ASPCA highlights seasonal toxin risks for pets year-round
ASPCA Poison Control has published an evergreen Seasonal Toxins resource that organizes pet safety guidance by season and holiday, pulling together risks tied to winter weather, holiday foods and decorations, spring parasites and plants, summer heat, and fall hazards such as mushrooms and rodenticides. The page links out to season-specific guidance including cold weather, holiday, Valentine’s Day, springtime, flea and tick, summer heat, Halloween, and Thanksgiving safety tips. Recent ASPCA and ASPCApro materials add more detail on what tends to surge at different times of year, including chocolate, yeast dough, grapes and raisins, mushrooms, antifreeze, rodenticides, salt dough ornaments, and snow globes containing ethylene glycol. (aspca.org)
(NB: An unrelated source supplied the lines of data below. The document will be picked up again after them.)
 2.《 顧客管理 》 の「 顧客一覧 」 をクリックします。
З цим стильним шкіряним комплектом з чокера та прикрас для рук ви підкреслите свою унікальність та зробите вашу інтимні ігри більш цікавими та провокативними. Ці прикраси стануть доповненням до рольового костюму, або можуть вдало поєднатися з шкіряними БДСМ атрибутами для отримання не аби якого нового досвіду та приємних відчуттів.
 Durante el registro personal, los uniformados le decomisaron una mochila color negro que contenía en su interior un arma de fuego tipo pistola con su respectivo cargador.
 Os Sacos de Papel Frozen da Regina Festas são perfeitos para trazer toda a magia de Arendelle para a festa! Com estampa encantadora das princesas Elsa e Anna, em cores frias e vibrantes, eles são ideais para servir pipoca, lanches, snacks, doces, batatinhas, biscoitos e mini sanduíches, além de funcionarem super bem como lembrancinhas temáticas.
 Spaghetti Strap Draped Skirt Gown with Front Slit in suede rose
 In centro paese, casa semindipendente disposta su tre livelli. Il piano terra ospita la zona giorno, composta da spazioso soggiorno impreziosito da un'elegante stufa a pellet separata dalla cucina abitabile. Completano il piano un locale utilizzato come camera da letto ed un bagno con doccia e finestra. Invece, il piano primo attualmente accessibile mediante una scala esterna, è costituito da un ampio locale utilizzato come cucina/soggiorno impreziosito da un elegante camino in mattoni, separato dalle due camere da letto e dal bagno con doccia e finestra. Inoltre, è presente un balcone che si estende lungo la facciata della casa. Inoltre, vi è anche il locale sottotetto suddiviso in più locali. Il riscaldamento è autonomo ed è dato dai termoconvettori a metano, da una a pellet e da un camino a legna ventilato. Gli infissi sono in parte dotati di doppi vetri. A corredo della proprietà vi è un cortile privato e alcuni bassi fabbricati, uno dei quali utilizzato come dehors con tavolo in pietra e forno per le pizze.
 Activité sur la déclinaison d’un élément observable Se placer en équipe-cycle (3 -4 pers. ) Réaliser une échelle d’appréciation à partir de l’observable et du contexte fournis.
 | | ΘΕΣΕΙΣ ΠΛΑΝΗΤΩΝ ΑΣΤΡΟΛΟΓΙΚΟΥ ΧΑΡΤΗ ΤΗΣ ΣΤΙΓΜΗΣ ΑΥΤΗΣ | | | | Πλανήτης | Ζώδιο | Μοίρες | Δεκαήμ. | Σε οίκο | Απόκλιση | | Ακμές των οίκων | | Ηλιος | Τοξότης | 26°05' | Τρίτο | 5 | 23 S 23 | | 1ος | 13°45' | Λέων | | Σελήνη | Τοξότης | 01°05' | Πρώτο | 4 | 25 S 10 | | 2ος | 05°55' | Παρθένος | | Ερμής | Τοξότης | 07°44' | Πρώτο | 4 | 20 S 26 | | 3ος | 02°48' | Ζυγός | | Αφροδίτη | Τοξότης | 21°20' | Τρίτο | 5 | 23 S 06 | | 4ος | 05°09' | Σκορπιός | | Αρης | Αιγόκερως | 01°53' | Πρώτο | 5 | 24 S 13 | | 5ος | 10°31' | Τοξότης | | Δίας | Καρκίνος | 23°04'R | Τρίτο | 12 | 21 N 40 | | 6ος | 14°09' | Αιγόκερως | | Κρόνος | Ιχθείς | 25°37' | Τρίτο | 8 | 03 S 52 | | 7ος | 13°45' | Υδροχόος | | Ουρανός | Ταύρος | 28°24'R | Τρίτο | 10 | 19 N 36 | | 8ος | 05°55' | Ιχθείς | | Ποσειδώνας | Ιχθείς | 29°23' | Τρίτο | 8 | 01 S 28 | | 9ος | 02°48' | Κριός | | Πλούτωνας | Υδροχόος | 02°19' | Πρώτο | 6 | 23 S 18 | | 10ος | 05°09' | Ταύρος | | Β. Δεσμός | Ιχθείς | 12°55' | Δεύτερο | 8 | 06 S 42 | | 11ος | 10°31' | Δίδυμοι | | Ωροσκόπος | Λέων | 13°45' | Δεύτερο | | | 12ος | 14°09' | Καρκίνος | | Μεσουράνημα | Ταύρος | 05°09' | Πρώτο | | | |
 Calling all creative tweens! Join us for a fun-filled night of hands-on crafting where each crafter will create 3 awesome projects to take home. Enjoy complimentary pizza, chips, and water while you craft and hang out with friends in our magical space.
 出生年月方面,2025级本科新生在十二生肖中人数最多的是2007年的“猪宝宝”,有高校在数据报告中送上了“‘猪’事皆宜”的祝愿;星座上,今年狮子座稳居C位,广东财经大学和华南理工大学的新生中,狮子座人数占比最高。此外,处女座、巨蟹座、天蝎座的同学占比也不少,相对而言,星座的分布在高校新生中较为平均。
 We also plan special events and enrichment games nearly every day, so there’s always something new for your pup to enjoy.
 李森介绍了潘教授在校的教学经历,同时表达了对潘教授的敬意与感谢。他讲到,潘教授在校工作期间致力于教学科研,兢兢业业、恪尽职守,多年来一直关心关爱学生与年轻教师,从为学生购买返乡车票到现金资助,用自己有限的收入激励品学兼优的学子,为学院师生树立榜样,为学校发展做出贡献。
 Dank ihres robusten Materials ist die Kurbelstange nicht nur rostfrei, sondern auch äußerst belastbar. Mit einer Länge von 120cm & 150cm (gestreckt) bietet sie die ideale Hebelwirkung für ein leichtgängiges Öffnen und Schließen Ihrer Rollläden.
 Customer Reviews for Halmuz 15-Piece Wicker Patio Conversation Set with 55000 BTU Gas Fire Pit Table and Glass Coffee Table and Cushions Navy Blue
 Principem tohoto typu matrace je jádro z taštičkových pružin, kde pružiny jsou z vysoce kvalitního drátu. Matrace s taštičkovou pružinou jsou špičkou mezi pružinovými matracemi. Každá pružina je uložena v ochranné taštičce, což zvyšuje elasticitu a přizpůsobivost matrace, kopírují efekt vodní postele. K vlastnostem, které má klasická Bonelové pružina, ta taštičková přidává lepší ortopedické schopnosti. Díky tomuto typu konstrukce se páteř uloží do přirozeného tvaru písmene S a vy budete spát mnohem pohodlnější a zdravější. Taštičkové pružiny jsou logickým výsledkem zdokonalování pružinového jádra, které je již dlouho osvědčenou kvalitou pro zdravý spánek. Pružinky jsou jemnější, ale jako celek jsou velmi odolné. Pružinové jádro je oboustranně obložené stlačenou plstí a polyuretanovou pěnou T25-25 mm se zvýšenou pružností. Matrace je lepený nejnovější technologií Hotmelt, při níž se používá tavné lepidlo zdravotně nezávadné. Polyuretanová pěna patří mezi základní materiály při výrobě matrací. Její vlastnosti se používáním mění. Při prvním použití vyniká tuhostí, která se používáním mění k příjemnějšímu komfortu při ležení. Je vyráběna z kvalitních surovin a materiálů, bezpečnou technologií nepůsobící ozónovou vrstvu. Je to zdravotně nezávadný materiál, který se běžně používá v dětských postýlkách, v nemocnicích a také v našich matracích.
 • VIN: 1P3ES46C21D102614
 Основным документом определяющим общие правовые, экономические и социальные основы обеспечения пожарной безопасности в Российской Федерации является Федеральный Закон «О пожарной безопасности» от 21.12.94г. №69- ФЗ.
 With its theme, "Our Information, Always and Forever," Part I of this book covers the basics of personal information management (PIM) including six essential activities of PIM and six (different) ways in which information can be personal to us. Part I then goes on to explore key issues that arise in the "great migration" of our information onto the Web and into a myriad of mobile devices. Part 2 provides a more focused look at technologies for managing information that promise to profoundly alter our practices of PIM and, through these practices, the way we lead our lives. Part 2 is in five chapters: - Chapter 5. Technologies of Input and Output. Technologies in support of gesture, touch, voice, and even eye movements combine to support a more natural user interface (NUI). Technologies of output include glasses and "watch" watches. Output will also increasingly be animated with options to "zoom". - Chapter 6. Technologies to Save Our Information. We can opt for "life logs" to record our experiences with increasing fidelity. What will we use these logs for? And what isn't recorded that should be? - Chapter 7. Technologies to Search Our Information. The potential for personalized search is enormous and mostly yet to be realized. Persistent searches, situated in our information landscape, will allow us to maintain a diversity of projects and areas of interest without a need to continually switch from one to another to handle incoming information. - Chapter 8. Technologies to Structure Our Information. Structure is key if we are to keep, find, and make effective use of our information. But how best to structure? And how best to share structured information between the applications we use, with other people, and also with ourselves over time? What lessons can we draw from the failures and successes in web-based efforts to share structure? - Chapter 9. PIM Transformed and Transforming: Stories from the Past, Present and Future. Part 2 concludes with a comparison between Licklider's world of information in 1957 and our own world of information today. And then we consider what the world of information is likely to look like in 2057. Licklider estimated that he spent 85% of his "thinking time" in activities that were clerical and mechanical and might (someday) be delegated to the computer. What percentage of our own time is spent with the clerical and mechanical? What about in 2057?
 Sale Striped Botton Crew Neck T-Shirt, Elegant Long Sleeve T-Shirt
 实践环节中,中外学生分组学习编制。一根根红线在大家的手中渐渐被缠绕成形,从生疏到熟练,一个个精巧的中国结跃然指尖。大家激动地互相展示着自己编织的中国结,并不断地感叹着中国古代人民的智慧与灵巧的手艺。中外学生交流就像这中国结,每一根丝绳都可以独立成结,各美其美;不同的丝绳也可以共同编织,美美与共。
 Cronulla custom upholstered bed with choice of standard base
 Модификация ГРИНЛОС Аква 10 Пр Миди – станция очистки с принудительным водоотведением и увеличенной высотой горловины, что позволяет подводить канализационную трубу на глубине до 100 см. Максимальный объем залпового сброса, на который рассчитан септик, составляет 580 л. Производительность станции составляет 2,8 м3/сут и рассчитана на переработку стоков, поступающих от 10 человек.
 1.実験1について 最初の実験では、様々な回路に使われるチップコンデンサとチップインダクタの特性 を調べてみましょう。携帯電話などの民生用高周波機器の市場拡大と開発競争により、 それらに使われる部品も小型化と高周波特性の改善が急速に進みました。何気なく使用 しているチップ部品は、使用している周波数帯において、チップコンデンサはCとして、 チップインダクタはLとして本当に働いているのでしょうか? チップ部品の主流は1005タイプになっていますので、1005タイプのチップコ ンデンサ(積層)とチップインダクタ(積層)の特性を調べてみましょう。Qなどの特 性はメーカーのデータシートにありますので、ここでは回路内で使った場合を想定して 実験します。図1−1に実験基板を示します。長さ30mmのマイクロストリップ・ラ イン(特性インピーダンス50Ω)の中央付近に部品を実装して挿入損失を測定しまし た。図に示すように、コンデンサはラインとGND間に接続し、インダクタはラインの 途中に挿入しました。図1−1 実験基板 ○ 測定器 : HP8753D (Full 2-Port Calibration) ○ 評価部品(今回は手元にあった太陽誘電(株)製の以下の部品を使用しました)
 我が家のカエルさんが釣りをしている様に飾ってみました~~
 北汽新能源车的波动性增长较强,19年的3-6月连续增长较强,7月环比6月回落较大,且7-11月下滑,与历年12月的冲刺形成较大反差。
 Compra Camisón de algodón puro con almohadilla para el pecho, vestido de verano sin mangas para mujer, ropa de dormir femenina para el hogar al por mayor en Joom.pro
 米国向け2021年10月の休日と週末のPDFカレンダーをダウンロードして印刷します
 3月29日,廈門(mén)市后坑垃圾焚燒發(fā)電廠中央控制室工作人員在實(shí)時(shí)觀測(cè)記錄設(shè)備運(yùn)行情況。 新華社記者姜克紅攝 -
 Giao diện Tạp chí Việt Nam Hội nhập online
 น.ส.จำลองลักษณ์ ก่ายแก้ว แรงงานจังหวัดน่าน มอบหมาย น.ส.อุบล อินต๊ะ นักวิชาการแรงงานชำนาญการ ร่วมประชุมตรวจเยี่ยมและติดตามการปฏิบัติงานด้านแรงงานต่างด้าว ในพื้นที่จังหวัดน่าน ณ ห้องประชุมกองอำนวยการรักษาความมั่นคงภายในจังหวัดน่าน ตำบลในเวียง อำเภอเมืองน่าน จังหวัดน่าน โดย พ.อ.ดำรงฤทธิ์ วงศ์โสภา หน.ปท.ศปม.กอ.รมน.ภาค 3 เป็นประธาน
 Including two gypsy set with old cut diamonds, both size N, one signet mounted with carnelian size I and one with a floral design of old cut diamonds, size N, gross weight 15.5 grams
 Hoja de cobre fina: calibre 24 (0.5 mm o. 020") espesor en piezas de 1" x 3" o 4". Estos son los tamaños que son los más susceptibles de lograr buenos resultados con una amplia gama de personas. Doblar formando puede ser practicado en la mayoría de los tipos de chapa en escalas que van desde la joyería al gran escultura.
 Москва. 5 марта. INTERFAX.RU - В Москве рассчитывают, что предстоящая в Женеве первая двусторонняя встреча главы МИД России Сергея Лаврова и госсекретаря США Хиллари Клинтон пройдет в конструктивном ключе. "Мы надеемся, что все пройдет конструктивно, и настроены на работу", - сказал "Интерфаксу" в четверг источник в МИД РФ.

Why it matters: For veterinary teams, the value is less about a single new warning and more about seasonally timed client education and triage readiness. AAHA recently highlighted that predictable spring exposures tied to holidays, landscaping, and outdoor activity can help every team member, from CSR to DVM, recognize toxicoses earlier and counsel pet parents before exposures happen. ASPCA’s newly released top-toxin data also underscores the scale of the problem: the service reported calls involving more than 376,000 exposed items in 2025. (aaha.org)
What to watch: Expect more clinics and poison-control groups to keep packaging seasonal toxin prevention into client handouts, social posts, and callback protocols timed to holidays and weather shifts. (aaha.org)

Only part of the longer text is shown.